When the method is :point
and the ref is :end
each value in the input TSeries is ascribed to the last date in each MIT in that series. The last value which comes on or before the last date in each output period is then chosen as the value for each output period.
The range of the output period is determined based on the availability of data:
- The first output period is the first period which contains at least one value from the input tseries.
- The last output period is the last period for which there are no missing input values.
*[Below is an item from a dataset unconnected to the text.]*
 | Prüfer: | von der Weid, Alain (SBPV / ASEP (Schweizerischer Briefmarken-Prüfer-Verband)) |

That is, (1) at least one input value is available, and (2) the last input value is ascribed to a date which is less than one full input period from the last date in the output period.
Example 5: method=:point
, ref=:end
(1)
ts = TSeries(2022M3, collect(3.0:10.0))
fconvert(Quarterly, ts, method=:point, ref=:end)
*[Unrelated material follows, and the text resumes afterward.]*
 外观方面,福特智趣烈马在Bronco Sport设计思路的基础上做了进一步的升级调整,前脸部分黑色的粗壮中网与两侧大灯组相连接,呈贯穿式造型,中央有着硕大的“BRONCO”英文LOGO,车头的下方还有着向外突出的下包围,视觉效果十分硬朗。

In this example, the output series has a value for 2022Q1 because there is an input value for that period on March 31st, 2022, which comes on or before the last day of 2022Q1. There is no value for 2022Q4 because there is are one or more full input periods which would have provided data in Q4, but for which there are no input values.
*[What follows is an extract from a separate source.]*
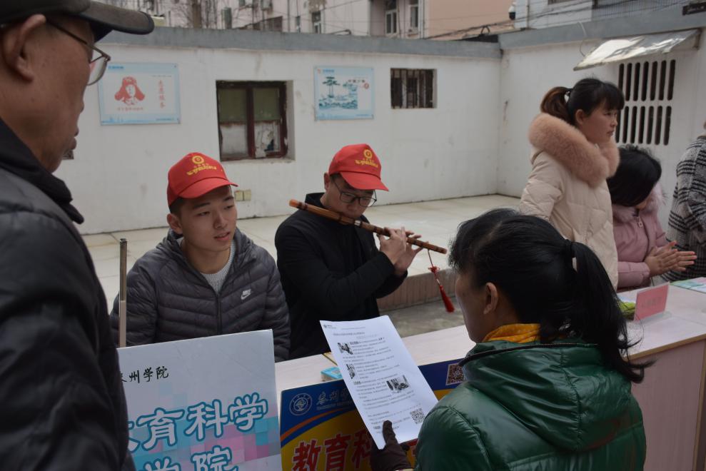 3月1日,16学前教育1班的阳光志愿者们来到了迎春社区,热情地为迎春社区的居民们运用所学知识解答了关于教育方面的问题,用科学的理论向居民提供教育指导,同时还有同学为老人吹奏竹笛并教授简单的竹笛吹奏方法。

Visually, the value for each output period is taken from the last input MIT whose last day is within the output MIT. This is better illustrated by the next example.
Example 6: method=:point
, ref=:end
(2)
ts = TSeries(2022Q3{2}, collect(3.0:10.0))
fconvert(Yearly, ts, method=:point, ref=:end)
As mentioned in the example above, the value for each output period is taken from the last input MIT whose last day falls within each output MIT. Thus, the value for 2022Y comes from 2022Q4{2}, whose last day is November 31st, 2022. The value for 2023Y similarly comes from 2023Q4{3{2}. There is no value for 2025Y as there are one or more full input periods corresponding to 2024Y which do not have a value in the input series.
When the method is :point
and the ref is :begin
the approach from above is mirrored. Each value in the input TSeries is ascribed to the first date in each MIT in that series. The last value which comes on of before the first date in each output period is then chosen as the value for each output period.
The range of the output period is again determined based on the availability of data:
- The first output period is the first period for which there are no missing input values. In essence it requires a value from an input period whose first date is on or before the first date of the output period.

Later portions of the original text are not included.